Norm-of-assertion-gate

I’m pretty well convinced that knowledge is the norm of assertion — that one should not assert that p unless one knows that p.  (Here is a Philosophy15 about it.) There are a few puzzle cases with the norm (blameless assertions like in cases of weird Gettier scenarios and so on) but it otherwise looks about right.  So it seems right that if someone says something true, but without warranting evidence, though that person was correct, the assertion isn’t praiseworthy, and the person isn’t fully creditable for the assertion.  In fact, asserting without warrant is blameworthy, even if what was said came out true.

So, for example, had I said way back in 2000, without any reason favoring its truth, that Donald J. Trump would one day be President, I would have said something true, but still something unwarranted.  And though it came to pass that DJT is President, it’s not like that statement is vindicated or I should get any more credit for it than your friend who hits the hole-in-one on the mini-golf hole when he’s taking a drink of his soda and looking elsewhere.  And moreover, I’m inclined to say that would still be intellectually blameworthy for saying things without backing.

And so, now, over at The American Spectator, Daniel Flynn makes the case that DJT was right all along about the government spying on his campaign.  And he analogizes the situation to that of Watergate – that the party in power spies on the opposition party in the midst of an election.  Flynn opens with a pretty catchy line:

Vladimir Putin did not hack the election. Barack Obama did.

DJT, then a candidate, said that the Obama Administration had wiretapped the Trump Tower. He didn’t have evidence for this, beyond a radio show by Mark Levin’s claims. When asked about it, nothing.

Now, it turns out that, as reported by CNN, the feds were listening in on Paul Manafort.   It’s important to note that, according to the report (again from CNN): “While Manafort has a residence in Trump Tower, it’s unclear whether FBI surveillance of him took place there.”  So we don’t know if it was Trump Tower being tapped.

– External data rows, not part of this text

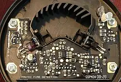 Optical smoke detector with the cover removed; the angled plastic in an arc across the top is a light baffle
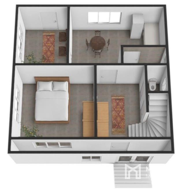 Nehnuteľnosť je dispozične riešená na dve podlažia a pivnicu pod celým domom. Na prízemí sa nachádza vstupná chodba, ktorá vedie do izby, samostatného WC a priestrannej jedálne prepojenej s kuchyňou. Súčasťou kuchyne je praktická špajza. Z chodby zadnej strany domu je tiež prístup na dvor. Pod schodami je šikovne umiestnený vchod do pivnice. Na poschodí nájdete kúpeľňu, chodbu a tri samostatné izby. Vchod domu je orientovaný na severozápad. Dvor je orientovaný na juhovýchod, vďaka čomu je v dome dostatok prirodzeného svetla.
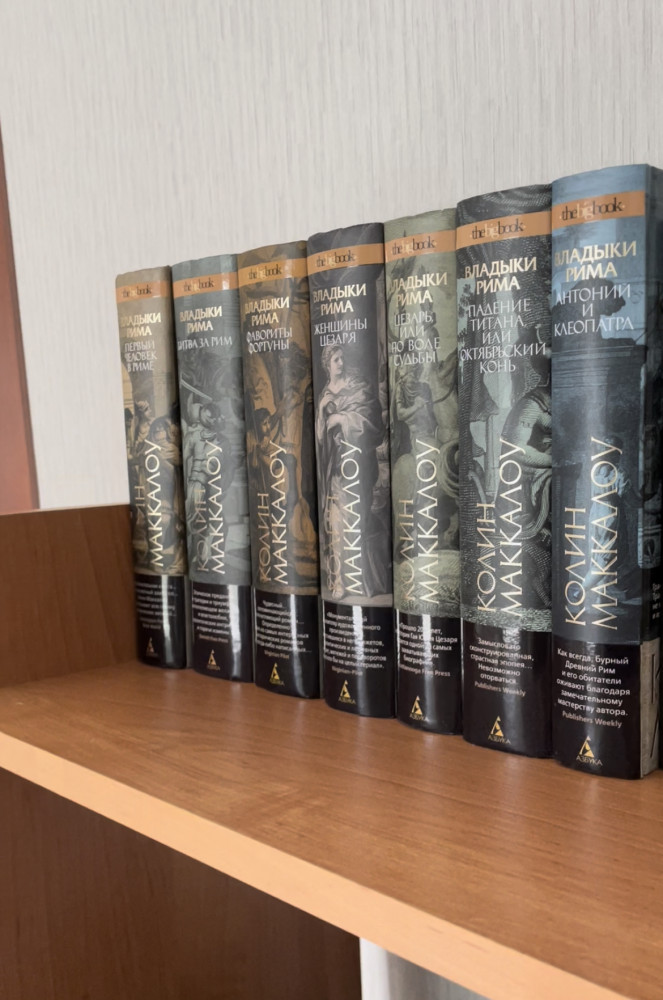 Любимая серия! Однако, собирала я ее с миру по нитке. Первую купила на флипе, вторую и третью нашла в книжном городе в два раза дешевле, четвёртую ждала из Челябинска (потому что большинство томов на флипе в наличии нет), пятую урвала последнюю в меломане, шестую и седьмую взяла там же - потому что цены плюс-минус одинаковые! Но я довольна, сердечко мое успокоилось - стоят теперь глаз радуют) сейчас читаю четвёртую и ещё больше восхищаюсь Цезарем и деятелями того времени

But does this stop Daniel Flynn from wagging his finger?  Oh, no.

The media went all-in this spring on the notion that the loose-tongued Trump once again spoke without reference to the facts. Newsweek’s Nina Burleigh labeled his charge “incendiary.” The Los Angeles Times called it “a phony conspiracy theory.” PolitiFact bluntly judged his accusation “false.”

Who will fact check the fact checkers?

Now, the issue is how to read all the vagaries of what it is to ‘tapp’ a phone or whether the issue is whether ‘my’ phones are really Paul Manafort’s phones.  Regardless, the issue is whether we can give any credit to someone who makes a charge like this (even when true) with no evidence?